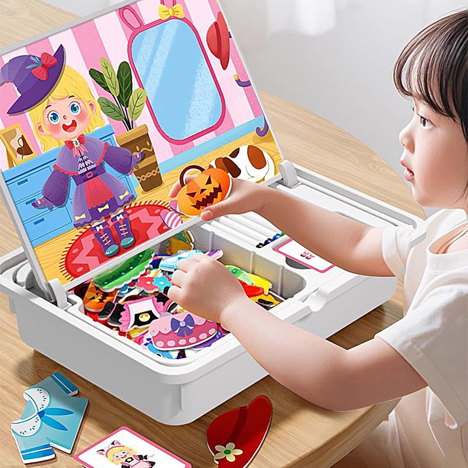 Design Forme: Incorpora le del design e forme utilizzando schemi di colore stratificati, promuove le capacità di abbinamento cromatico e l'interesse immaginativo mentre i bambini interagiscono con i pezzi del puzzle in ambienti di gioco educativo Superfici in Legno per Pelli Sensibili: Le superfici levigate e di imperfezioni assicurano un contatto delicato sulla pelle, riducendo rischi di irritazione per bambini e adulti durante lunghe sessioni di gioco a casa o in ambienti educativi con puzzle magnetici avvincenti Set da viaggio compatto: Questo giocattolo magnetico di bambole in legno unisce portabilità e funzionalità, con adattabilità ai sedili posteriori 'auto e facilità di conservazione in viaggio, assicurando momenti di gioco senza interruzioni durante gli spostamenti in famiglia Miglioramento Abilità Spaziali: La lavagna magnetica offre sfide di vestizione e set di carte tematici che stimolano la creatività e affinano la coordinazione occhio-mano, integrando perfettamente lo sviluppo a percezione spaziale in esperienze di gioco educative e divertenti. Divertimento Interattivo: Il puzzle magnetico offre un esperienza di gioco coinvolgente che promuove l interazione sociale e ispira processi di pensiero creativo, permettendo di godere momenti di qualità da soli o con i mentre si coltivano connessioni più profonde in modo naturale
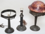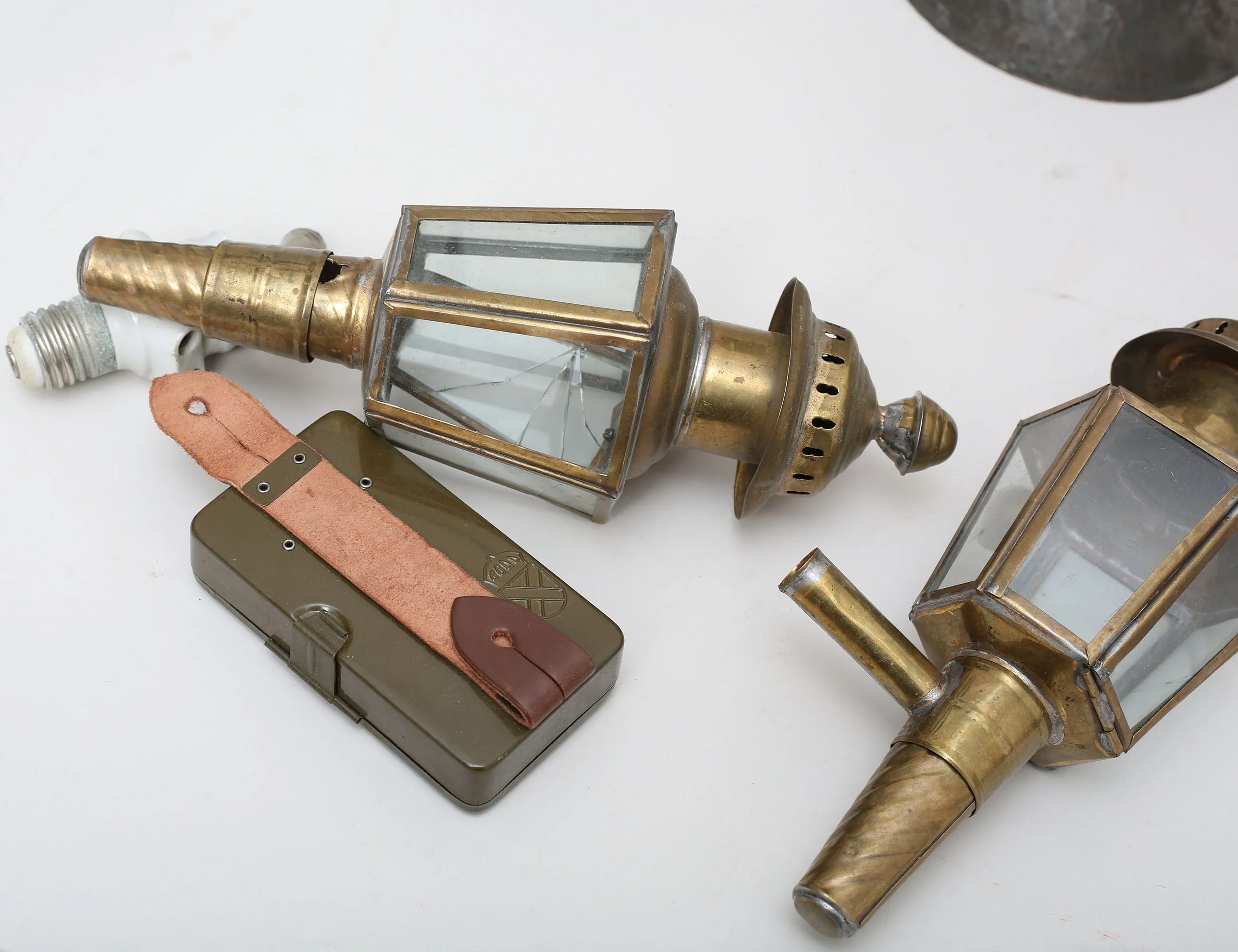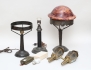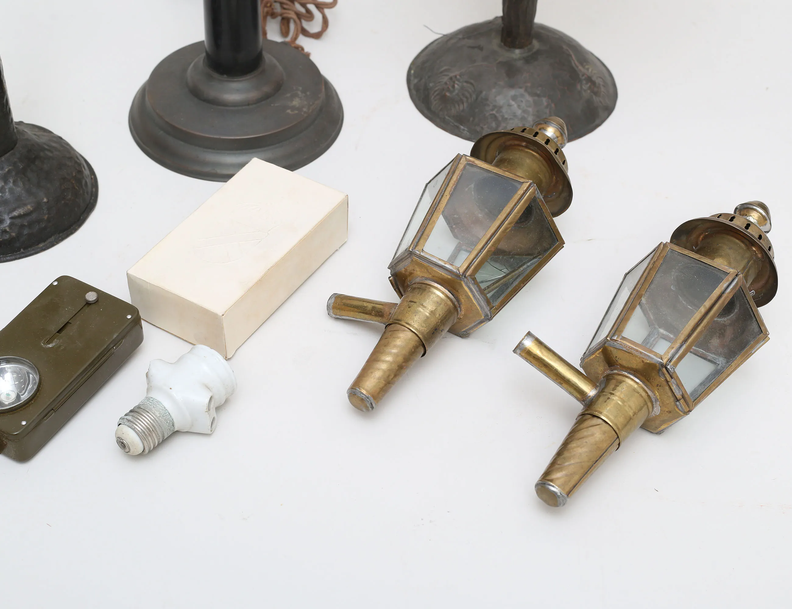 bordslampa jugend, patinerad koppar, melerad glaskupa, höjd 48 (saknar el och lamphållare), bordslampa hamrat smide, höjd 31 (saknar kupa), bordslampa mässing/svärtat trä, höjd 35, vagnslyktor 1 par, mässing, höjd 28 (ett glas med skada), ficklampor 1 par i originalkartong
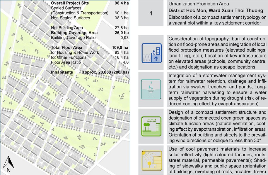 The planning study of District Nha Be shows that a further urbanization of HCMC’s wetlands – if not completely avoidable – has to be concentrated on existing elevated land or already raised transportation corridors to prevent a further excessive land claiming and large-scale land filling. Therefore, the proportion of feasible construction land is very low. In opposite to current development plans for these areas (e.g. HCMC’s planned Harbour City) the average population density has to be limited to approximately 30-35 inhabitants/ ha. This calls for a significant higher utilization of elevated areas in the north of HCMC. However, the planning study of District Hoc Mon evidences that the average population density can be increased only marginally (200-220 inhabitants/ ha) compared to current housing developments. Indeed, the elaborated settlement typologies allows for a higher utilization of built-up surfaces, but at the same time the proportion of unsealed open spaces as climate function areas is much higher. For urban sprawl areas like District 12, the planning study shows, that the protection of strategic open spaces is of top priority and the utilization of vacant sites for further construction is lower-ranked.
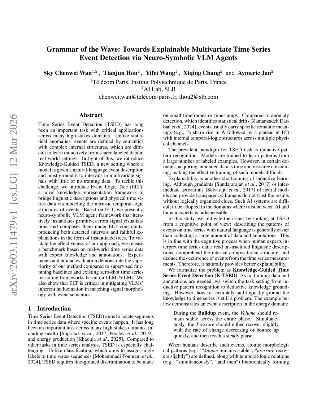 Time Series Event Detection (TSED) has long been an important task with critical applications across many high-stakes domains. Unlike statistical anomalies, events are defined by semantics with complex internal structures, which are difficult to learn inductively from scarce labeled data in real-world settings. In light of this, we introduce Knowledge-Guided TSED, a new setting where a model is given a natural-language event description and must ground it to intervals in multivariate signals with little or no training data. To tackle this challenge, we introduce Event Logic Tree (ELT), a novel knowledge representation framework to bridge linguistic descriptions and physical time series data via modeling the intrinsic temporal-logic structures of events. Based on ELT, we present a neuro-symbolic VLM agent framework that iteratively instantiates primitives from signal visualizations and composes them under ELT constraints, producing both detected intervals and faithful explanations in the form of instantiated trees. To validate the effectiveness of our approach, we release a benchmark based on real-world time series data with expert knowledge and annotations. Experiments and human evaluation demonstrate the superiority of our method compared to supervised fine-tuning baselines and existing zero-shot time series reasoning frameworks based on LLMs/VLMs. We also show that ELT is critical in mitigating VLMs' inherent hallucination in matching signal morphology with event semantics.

---

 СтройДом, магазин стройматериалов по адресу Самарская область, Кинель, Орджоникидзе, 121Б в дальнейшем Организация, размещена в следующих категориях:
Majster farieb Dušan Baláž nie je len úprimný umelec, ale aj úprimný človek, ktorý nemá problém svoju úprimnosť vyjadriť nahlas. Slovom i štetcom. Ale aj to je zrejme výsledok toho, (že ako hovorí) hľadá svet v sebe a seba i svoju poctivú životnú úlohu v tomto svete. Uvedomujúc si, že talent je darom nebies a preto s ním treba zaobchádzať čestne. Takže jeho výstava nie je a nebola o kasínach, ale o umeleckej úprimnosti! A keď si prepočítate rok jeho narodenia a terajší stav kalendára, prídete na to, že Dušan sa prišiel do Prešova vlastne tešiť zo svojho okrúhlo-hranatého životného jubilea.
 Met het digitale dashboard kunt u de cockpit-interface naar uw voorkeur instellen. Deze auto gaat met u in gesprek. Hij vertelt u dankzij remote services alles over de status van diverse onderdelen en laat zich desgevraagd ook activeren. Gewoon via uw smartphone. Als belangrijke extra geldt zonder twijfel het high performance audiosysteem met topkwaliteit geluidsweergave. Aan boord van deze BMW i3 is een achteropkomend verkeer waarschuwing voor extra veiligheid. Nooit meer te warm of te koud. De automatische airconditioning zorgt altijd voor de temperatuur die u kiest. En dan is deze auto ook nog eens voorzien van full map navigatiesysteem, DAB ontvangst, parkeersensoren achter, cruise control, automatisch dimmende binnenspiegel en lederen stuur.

WHAT THIS TASK INVOLVES: Please set down, exactly and with no pictures, the lines in the entries above starting at the one holding "Design Forme: Incorpora" and ending at the one holding "bordslampa jugend, patinerad", ends included.

TASK RESULT:
 Design Forme: Incorpora le del design e forme utilizzando schemi di colore stratificati, promuove le capacità di abbinamento cromatico e l'interesse immaginativo mentre i bambini interagiscono con i pezzi del puzzle in ambienti di gioco educativo Superfici in Legno per Pelli Sensibili: Le superfici levigate e di imperfezioni assicurano un contatto delicato sulla pelle, riducendo rischi di irritazione per bambini e adulti durante lunghe sessioni di gioco a casa o in ambienti educativi con puzzle magnetici avvincenti Set da viaggio compatto: Questo giocattolo magnetico di bambole in legno unisce portabilità e funzionalità, con adattabilità ai sedili posteriori 'auto e facilità di conservazione in viaggio, assicurando momenti di gioco senza interruzioni durante gli spostamenti in famiglia Miglioramento Abilità Spaziali: La lavagna magnetica offre sfide di vestizione e set di carte tematici che stimolano la creatività e affinano la coordinazione occhio-mano, integrando perfettamente lo sviluppo a percezione spaziale in esperienze di gioco educative e divertenti. Divertimento Interattivo: Il puzzle magnetico offre un esperienza di gioco coinvolgente che promuove l interazione sociale e ispira processi di pensiero creativo, permettendo di godere momenti di qualità da soli o con i mentre si coltivano connessioni più profonde in modo naturale
 bordslampa jugend, patinerad koppar, melerad glaskupa, höjd 48 (saknar el och lamphållare), bordslampa hamrat smide, höjd 31 (saknar kupa), bordslampa mässing/svärtat trä, höjd 35, vagnslyktor 1 par, mässing, höjd 28 (ett glas med skada), ficklampor 1 par i originalkartong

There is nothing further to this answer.